Taylor Swift Hasn’t Shaken Off “Shake It Off” Lawsuit Filed By Writers of 3LW Hit

The players gonna play and the haters gonna hate–and they both come back to haunt her.


Taylor Swift
Photo by Kevin Winter/Getty Images for RADIO.COM

Taylor Swift’s nagging copyright lawsuit regarding “Shake It Off” lyrics is back. The Ninth Circuit Court of Appeals revived a 2017 lawsuit in which Sean Hall and Nathan Butler, songwriters for 3LW’s TRL-era hit “Players Gon’ Play,” sued Swift for her use of the lyrics “players gonna play” and “haters gonna hate.” Looks like she just can’t shake this one off.

When Hall and Butler initiated legal proceedings against Swift, the star’s team issued a statement saying calling their suit a “ridiculous claim” and “nothing more than a money grab. The law is simple and clear. They do not have a case.”

Judge Michael W. Fitzgerald agreed, and he dismissed the lawsuit in February 2018. “By 2001, American popular culture was heavily steeped in the concepts of players, haters, and player haters,” he wrote at the time. “The concept of actors acting in accordance with their essential nature is not at all creative; it is banal… In short, combining two truisms about playas and haters, both well-worn notions as of 2001, is simply not enough.” Incredible.

But as The Hollywood Reporter reports, on Monday, three judges from the Ninth Circuit concluded that Fitzgerald’s decision regarding players and haters was premature. “Originality, as we have long recognized, is normally a question of fact,” their decision reads. They went on to quote late Supreme Court Justice Oliver Wendell Holmes, who once wrote that “it would be a dangerous undertaking for persons trained only to the law to constitute themselves final judges of the worth of pictorial illustrations, outside of the narrowest and most obvious limits.”

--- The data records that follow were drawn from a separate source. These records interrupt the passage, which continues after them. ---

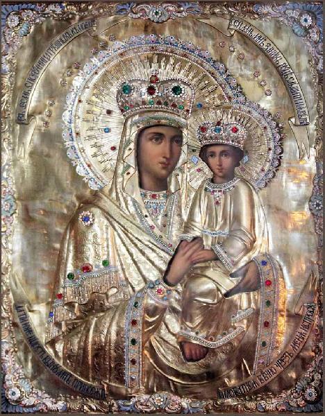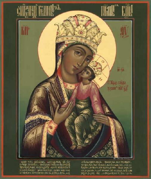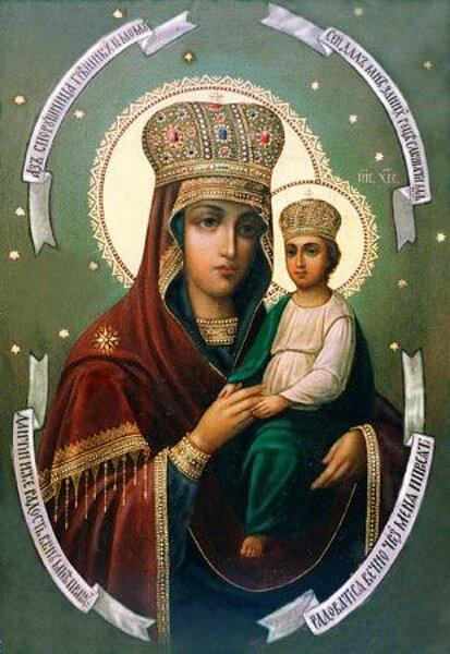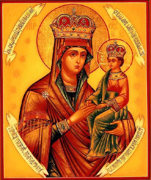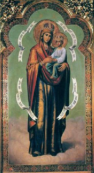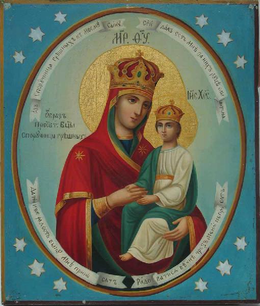 Ікона Божої Матері «Споручниця грішних» названа так відповідно до напису, що зберігся на іконі: «Аз Споручница грешных к Моему Сыну…»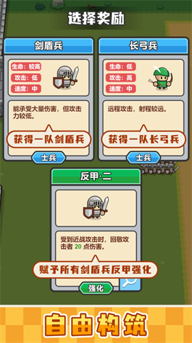 1、游戏中,每关包含 10 回合激战,而你的每一步决策都始于回合前的 “三选一” 卡牌抉择。是招募一队 32 人的剑盾兵构筑坚实防线,还是为现有剑盾兵添上反甲强化,让近战敌人付出惨痛代价?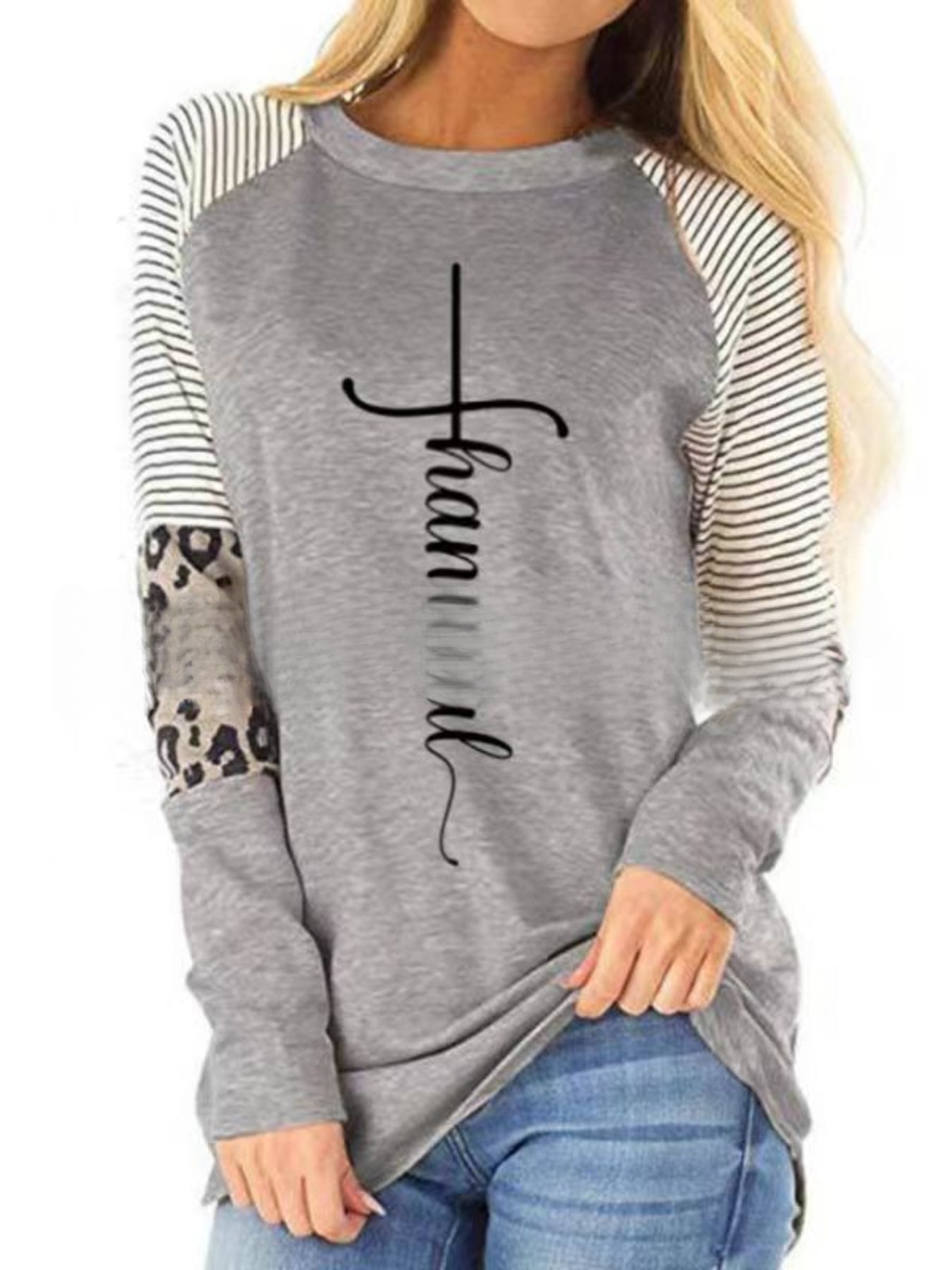 Sale Graphic Geometric Striped Elegant Vintage Fashion Long Sleeve Crew Neck Regular Tops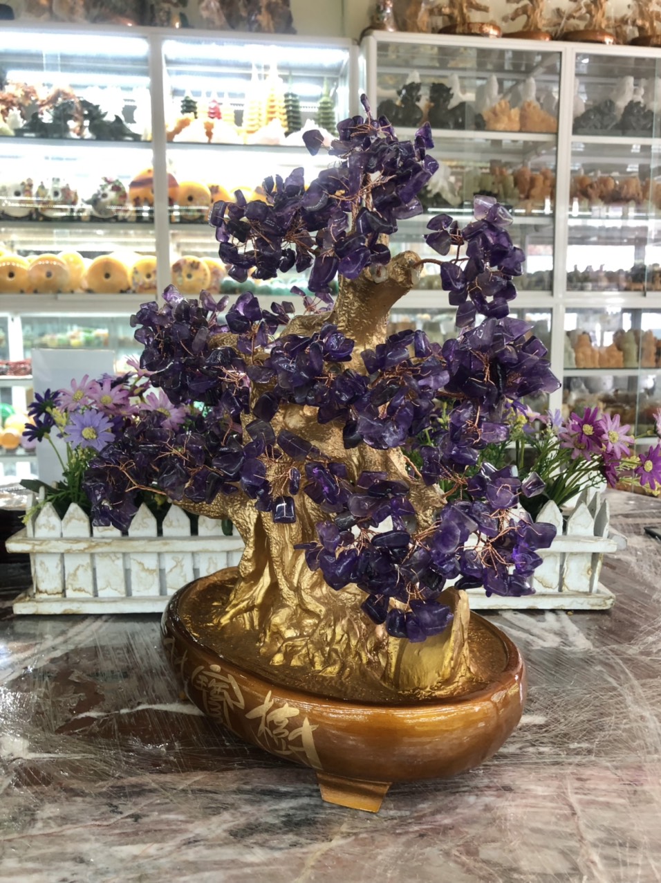 Hợp mệnh Hỏa - Thổ Chất liệu: Đá thạch anh tím Kích thước: Cao 30 cm Khối lượng: 1 kg Cây tài lộc là biểu tượng của sự sung túc, mang đến cát khí mạnh

“Justice Holmes’ century-old warning remains valid,” the Ninth Circuit panel wrote. “By concluding that, ‘for such short phrases to be protected under the Copyright Act, they must be more creative than the lyrics at issues here,’ the district court constituted itself as the final judge of the worth of an expressive work. Because the absence of originality is not established either on the face of the complaint or through the judicially noticed matters, we reverse the district court’s dismissal.”

And so Swift will have to head back to court (Hall and Butler seem to have made a rebel of a careless man’s careful daughter). We eagerly await the final decision.